[[ Data below, beginning ]]

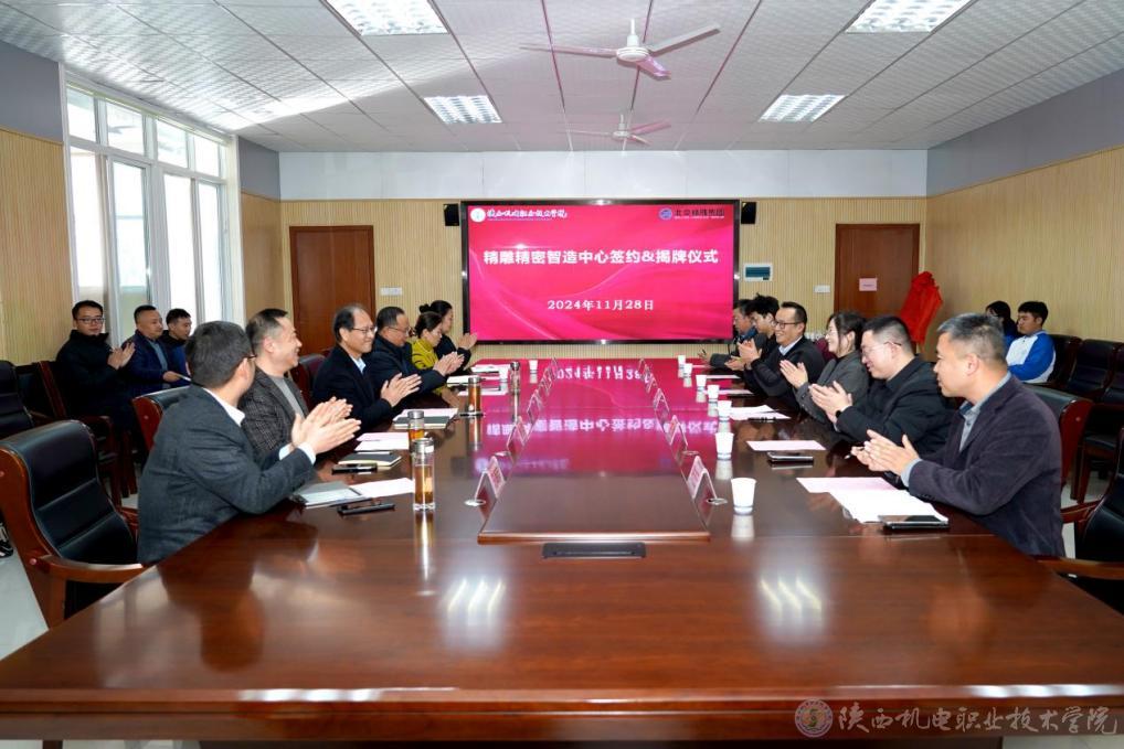 11月28日,陜機電精雕精密智造中心簽約揭牌儀式在圖書館二樓會議室舉行,北京精雕科技集團有限公司(以下簡稱“北京精雕公司”)行政總監(jiān)李文華、北京精雕公司教育總監(jiān)關(guān)山,陜西機電職業(yè)技術(shù)學(xué)院黨委書記伊遜智,黨委副書記、院長向紀(jì)明等參加揭牌儀式。儀式由黨委委員、副院長張克主持。
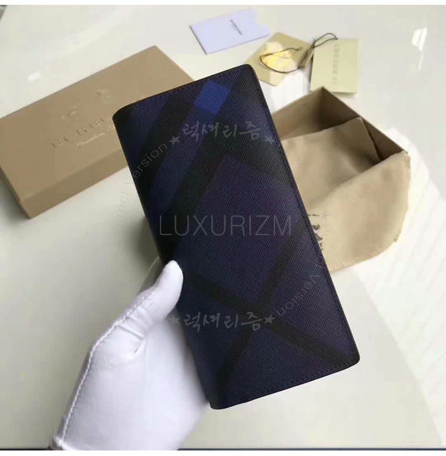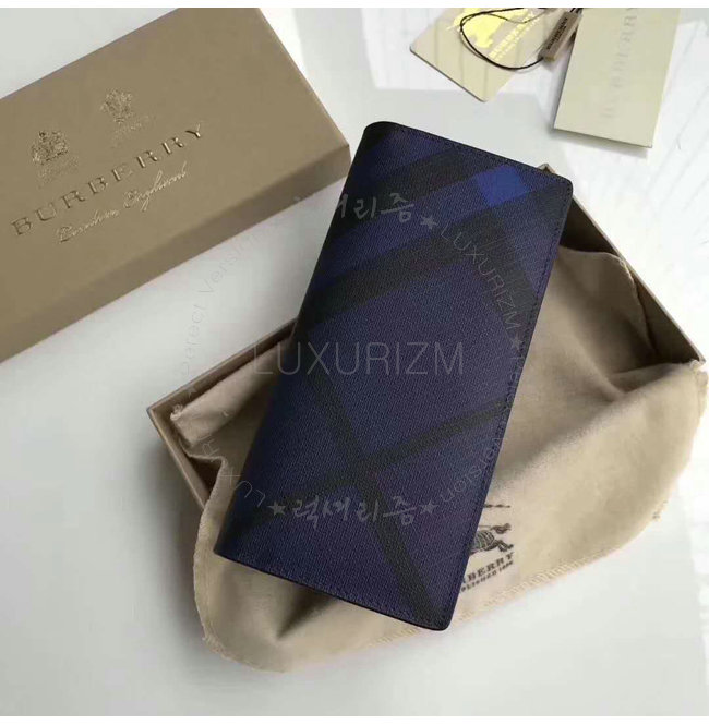 [스페셜오더]BURBERRY-39961811 버버리 네이비 런던 체크 가죽 장지갑
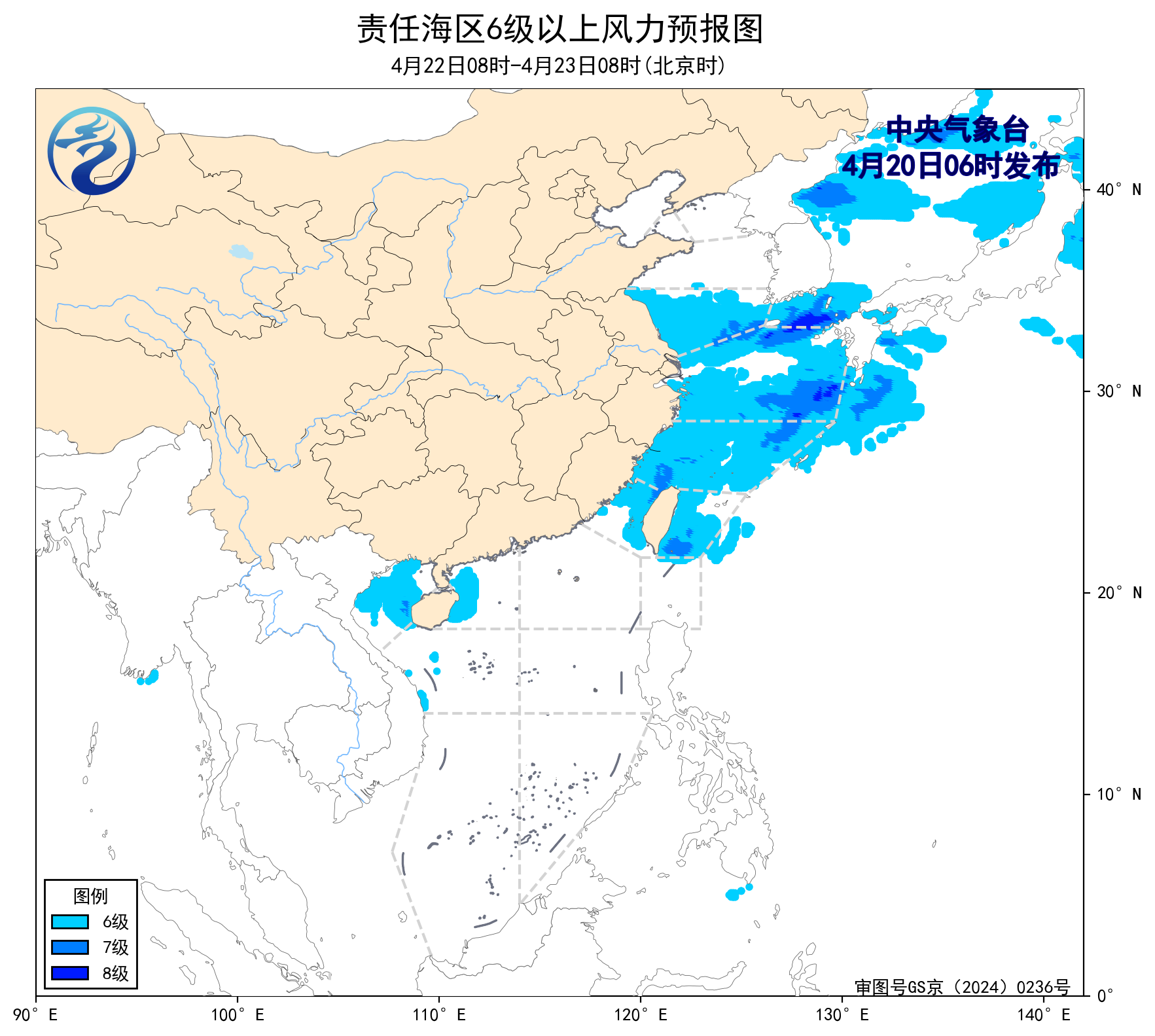 22日08时至23日08时,东海北部海域将有6~7级、阵风8级的西南风,黄海南部海域将有5~6级、阵风7级的偏东到东北风,东海南部海域、台湾海峡、台湾以东洋面将有5~6级、阵风7级的偏南到西南风,北部湾、南海西北部海域将有5~6级、阵风7级的偏南到东南风。

[[ Data below, end ]]

## Task description
Once the pictures are set aside, repeat the remaining data word for word.

## Solved problem
 11月28日,陜機電精雕精密智造中心簽約揭牌儀式在圖書館二樓會議室舉行,北京精雕科技集團有限公司(以下簡稱“北京精雕公司”)行政總監(jiān)李文華、北京精雕公司教育總監(jiān)關(guān)山,陜西機電職業(yè)技術(shù)學(xué)院黨委書記伊遜智,黨委副書記、院長向紀(jì)明等參加揭牌儀式。儀式由黨委委員、副院長張克主持。
 [스페셜오더]BURBERRY-39961811 버버리 네이비 런던 체크 가죽 장지갑
 22日08时至23日08时,东海北部海域将有6~7级、阵风8级的西南风,黄海南部海域将有5~6级、阵风7级的偏东到东北风,东海南部海域、台湾海峡、台湾以东洋面将有5~6级、阵风7级的偏南到西南风,北部湾、南海西北部海域将有5~6级、阵风7级的偏南到东南风。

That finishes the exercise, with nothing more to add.